### REQUIREMENT
Retype only what runs from the beginning of the data through the line with "Geen van de"; please omit the pictures and keep every line exact.

┌─ EXERCISE DATA

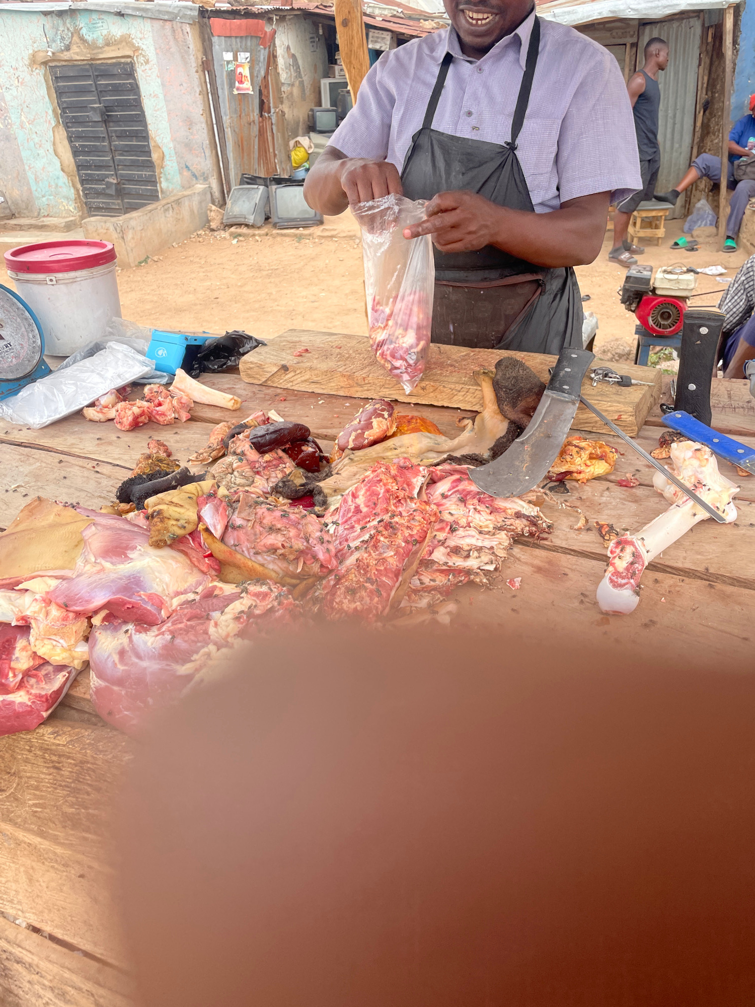 The image depicts a butcher standing next to a table laden with raw meat, including bones, fat, and various cuts. He is holding a plastic bag, presumably to pack the meat. A large cleaver lies on the…read more
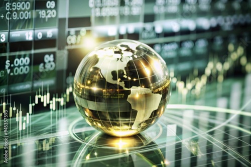 Golden Globe with Currency Symbols and Stock Market Graphs
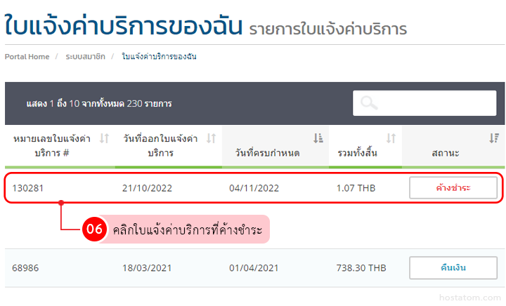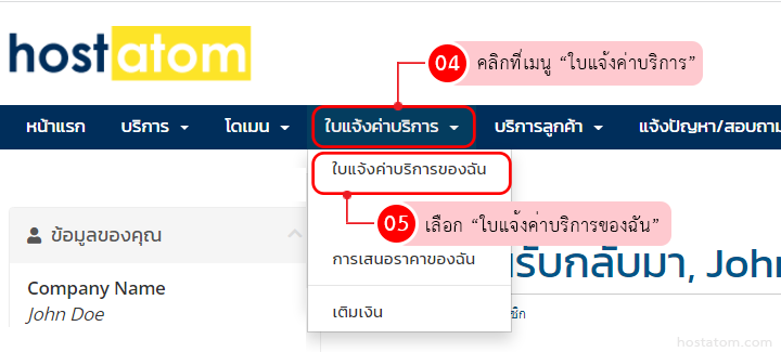 เมื่อเข้าส่วนบริการลูกค้าของเรา ให้เลือก ใบแจ้งค่าบริการ -> ใบแจ้งค่าบริการของฉัน
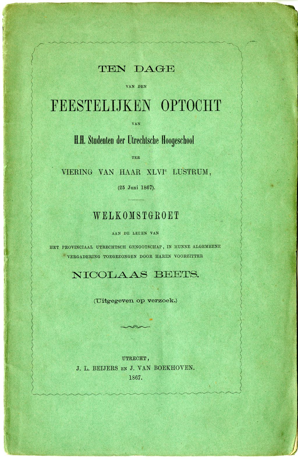 Geen van de vele kringen en kringetjes, waarin ons volk verdeeld is, kan Beets in die mate de zijne heeten, dat een andere het noemen van zijn naam en het verbreiden van zijn lof voor een uitdaging zal houden. Integendeel, zijn naam klinkt als een leus des vredes, en hij zelf is een middelpunt van vereeniging voor lieden, die van alle, soms van tegenovergestelde, zijden komen.
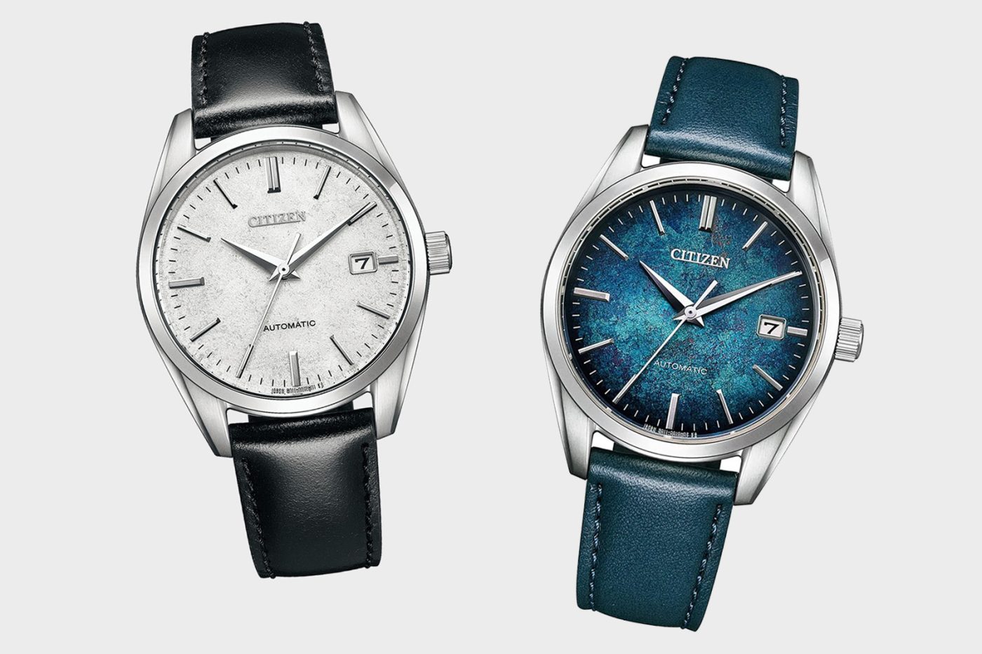 These watches are not just classy but classy in a subdued way. Their stainless steel cases (with hardening treatment) measure 38.2mm x 12mm. They also have 100m water resistance and are attached to leather straps with butterfly clasps. Inside the cases is the calibre 9011, an in-house movement with a 4Hz beat rate, 42-hour power reserve and quickset date. The movement is automatically wound and visible through the caseback—citizen rates their accuracy as being between -10/+20s per day.
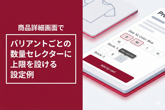 - 2025/12/22 Shopifyのテーマ「Rise/Dawn」の商品詳細画面でバリアントごとの数量セレクターに上限を設ける設定例
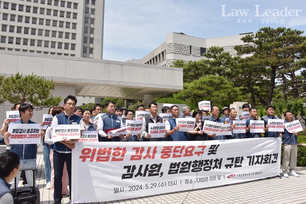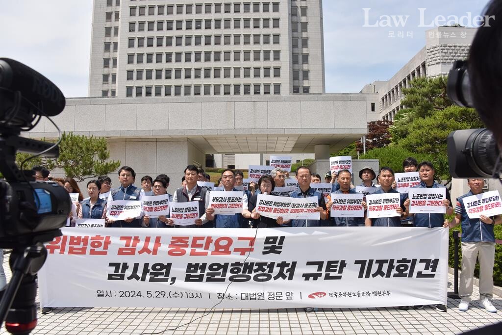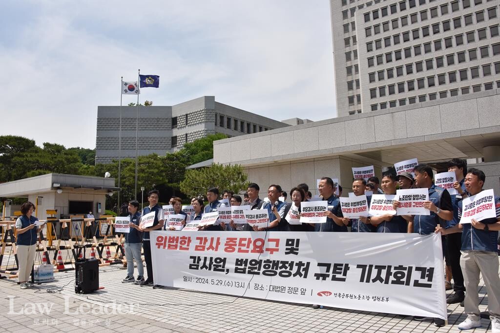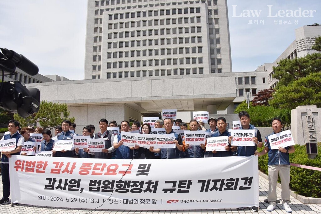 전국공무원노동조합 법원본부(본부장 이성민)는 지난 5월 29일 서울 서초동 대법원 청사 앞에서 “위법한 감사 중단 요구 및 감사원, 법원행정처 규탄 기자회견”을 개최했다.
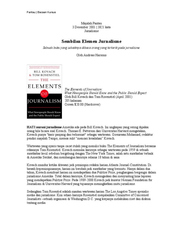 PDF) Sembilan Elemen Jurnalisme (Plus Elemen ke-10) | Satrio Arismunandar - Academia.edu
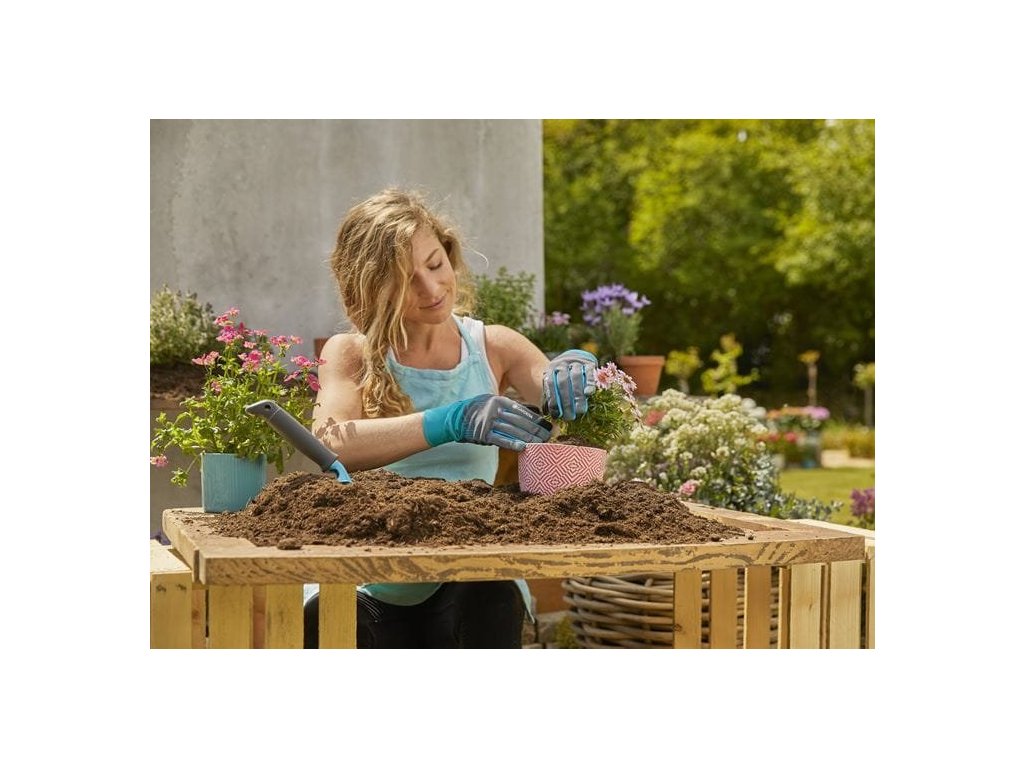 Zahrádkaření je ještě příjemnější s GARDENA rukavicemi pro zahradní práce a péči o rostliny ve velikosti S. Dokonale padnoucí pracovní rukavice pro malé ruce jsou vybaveny mnoha inovativními funkcemi, které usnadňují méně náročné práce na zahradě a péči o rostliny, jako jsou např. rostliny v květináčích a na záhoncích. Hodí se dobře pro sázení nebo otrhávání listů. Silikonový povlak na dlaních poskytuje skvělé uchopení, takže máte vždy vše pod kontrolou, což je obzvláště užitečné při přenášení rostlin. Hlavní část rukavice sestává z pružného a prodyšného síťovaného materiálu. To je velká výhoda, zejména při delším používání, protože se ruce nebudou nadměrně potit. Rukavice jsou vybaveny mikrofleecem absorbujícím pot. Díky pružnému materiálu na manžetě a hřbetu rukou rukavice skvěle padnou. Pokud chcete svůj smartphone nebo tablet používat při práci na zahradě, není to vůbec žádný problém. Špičky ukazováčku a palce jsou opatřeny praktickou funkcí pro chytré telefony Mobile Touch, takže při ovládání telefonu nemusíte rukavice sundávat. Rukavice pro zahradní práce a péči o rostliny navíc získaly certifikát Oeko-Tex® Standard 100, což znamená, že použité textilie neobsahují žádné škodlivé látky.65 % polyester, 15 % nylon, 12 % bavlna, 6 % polyuretan, 2 % elastan
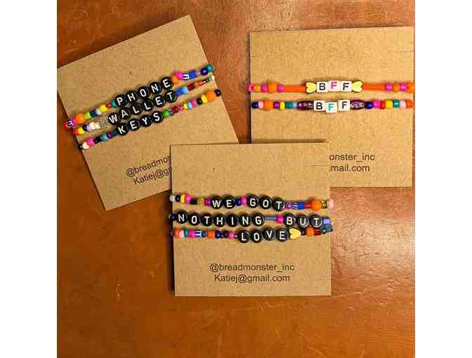 Bread Monster makes handmade friendship and string bracelets for kids and adults. The winner can select their own personal saying and style. =
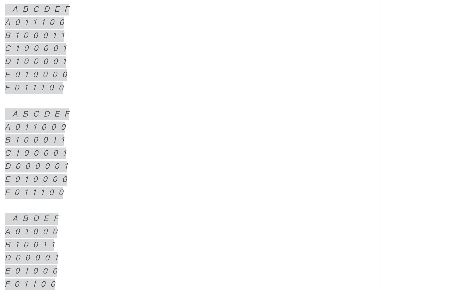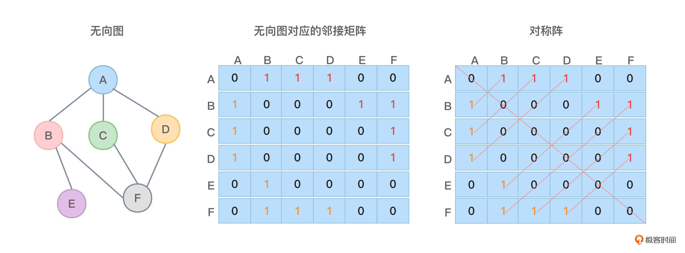 仔细观察,在图1中间的图中,横向和纵向分别由A、B、C、D、E、F这6个顶点组成一个二维数组(矩阵)。该二维数组一共由36个格组成,如果两个顶点之间有边,则该格子中标记为1,否则标记为0。比如顶点A和B之间有连线,则A和B之间交叉对应的格子中标记1,而这必然也代表顶点B和A之间有连线,所以B和A之间交叉对应的格子中也会标记1。
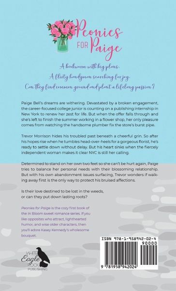 A bookworm with big plans. A flirty handyman searching for joy. Can they find common ground and plant a lifelong passion? Paige Bell's dreams are withering. Devastated by a broken engagement, the career-focused college junior is counting on a publishing internship in New York to renew her zest for life. But when the offer falls through and she's left to finish the summer working in a flower shop, her only pleasure comes from watching the handsome plumber fix the store's burst pipe. Trevor Morrison hides his troubled past beneath a cheerful grin. So after his hopes rise when he tumbles head-over-heels for a gorgeous florist, he's ready to settle down without delay. But his heart sinks when the fiercely independent woman makes it clear NYC is still her calling. Determined to stand on her own two feet so she can't be hurt again, Paige tries to balance her personal needs with their blossoming relationship. But with his own abandonment issues surfacing, Trevor wonders if walking away first is the only way to protect his bruised affections. Is their love destined to be lost in the weeds, or can they put down lasting roots? Peonies for Paige is the cozy first book of the In Bloom sweet romance series. If you like opposites who attract, lighthearted humor, and wise older characters, then you'll adore Kasey Kennedy's wholesome bouquet.
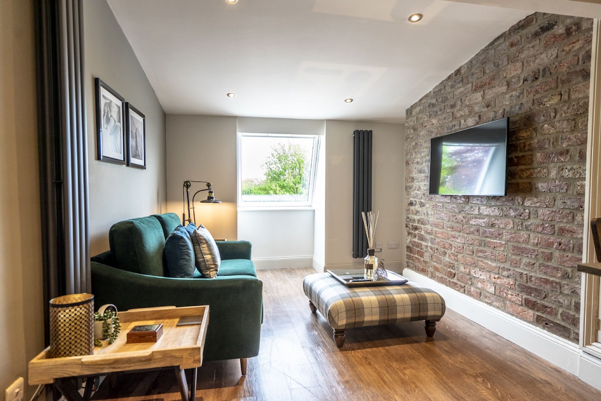 享受我們時尚的1床底層紐約「閣樓」風格空間。 直接位於河邊,是市內少數幾間這樣的公寓之一。 在窗邊座位旁觀看水流,非常接近,您會想伸手去玩! 約克最歷史悠久的工業建築( 1864年) ,非常安靜,但距離市中心5分鐘路程。 優雅的炫酷和舒適融合,原始的19世紀磚砌。 高規格包括QLED電視、加大雙人床和現代石英廚房。 私人擁有/經營。
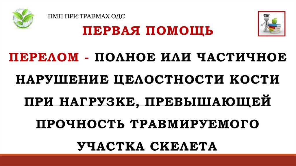 ПЕРВАЯ ПОМОЩЬПЕРЕЛОМ - ПОЛНОЕ ИЛИ ЧАСТИЧНОЕ
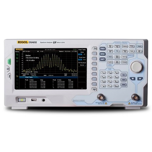 Анализатор спектра DSA832 - это прибор с небольшими размерами и весом, имеющий отличное соотношение цены и возможностей. Цифровая технология ПЧ обеспечивает исключительную производительность и стабильность при анализе спектра. В анализаторе спектра DSA832 имеется возможность расширенных измерений мощности, гармоник, шумов и искажений, ЭМИ измерений, а опциональный трекинг-генератор позволяет использовать анализатор спектра Rigol DSA832 для измерения S-параметров.
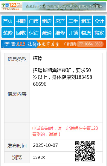 招聘长期宾馆夜班,要求50岁以上,身体健康刘18345866696
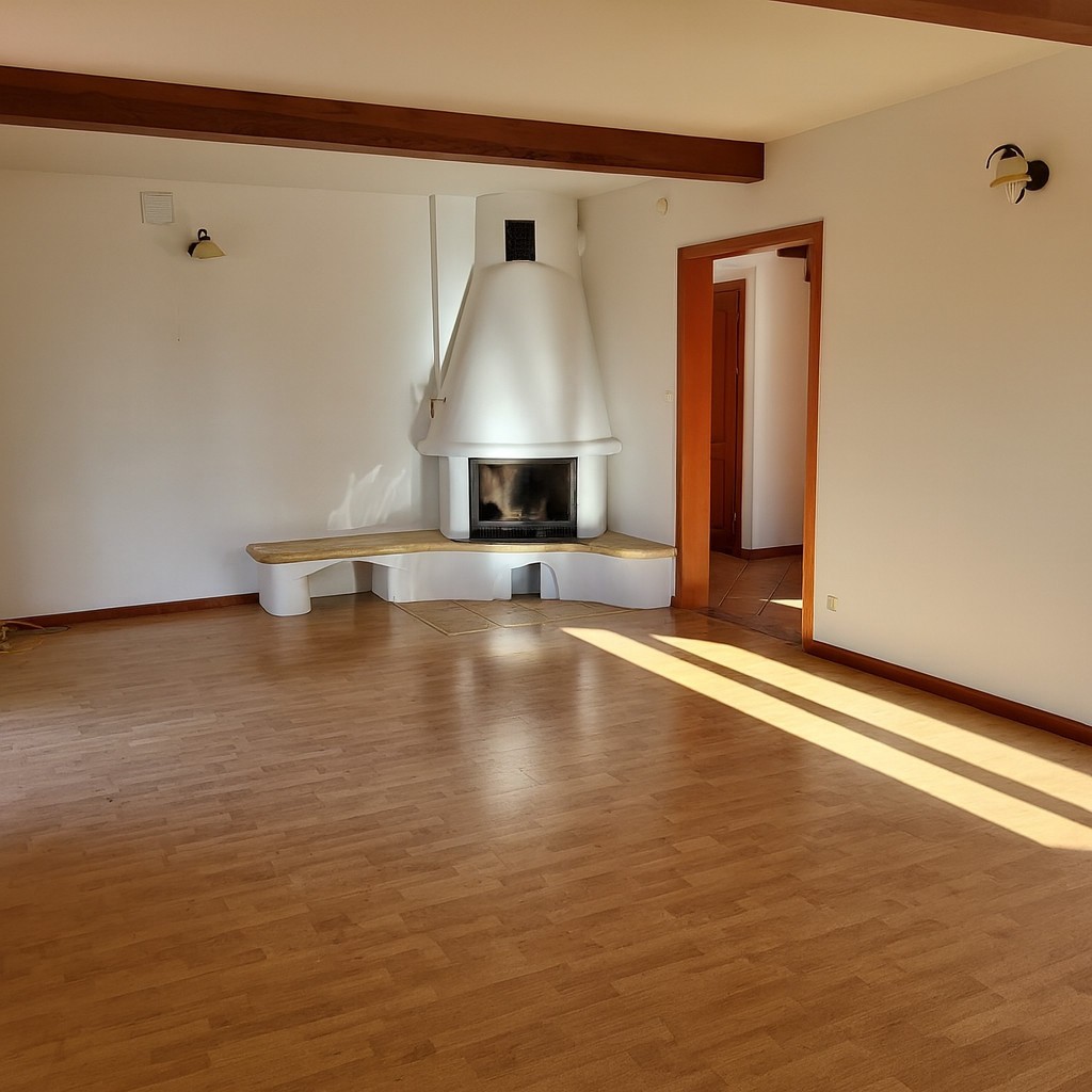 W salonie znajduje się kominek, a ogrzewanie gazowe zapewnia komfort i niskie koszty eksploatacji.

└─

### PROBLEM SOLUTION
 The image depicts a butcher standing next to a table laden with raw meat, including bones, fat, and various cuts. He is holding a plastic bag, presumably to pack the meat. A large cleaver lies on the…read more
 Golden Globe with Currency Symbols and Stock Market Graphs
 เมื่อเข้าส่วนบริการลูกค้าของเรา ให้เลือก ใบแจ้งค่าบริการ -> ใบแจ้งค่าบริการของฉัน
 Geen van de vele kringen en kringetjes, waarin ons volk verdeeld is, kan Beets in die mate de zijne heeten, dat een andere het noemen van zijn naam en het verbreiden van zijn lof voor een uitdaging zal houden. Integendeel, zijn naam klinkt als een leus des vredes, en hij zelf is een middelpunt van vereeniging voor lieden, die van alle, soms van tegenovergestelde, zijden komen.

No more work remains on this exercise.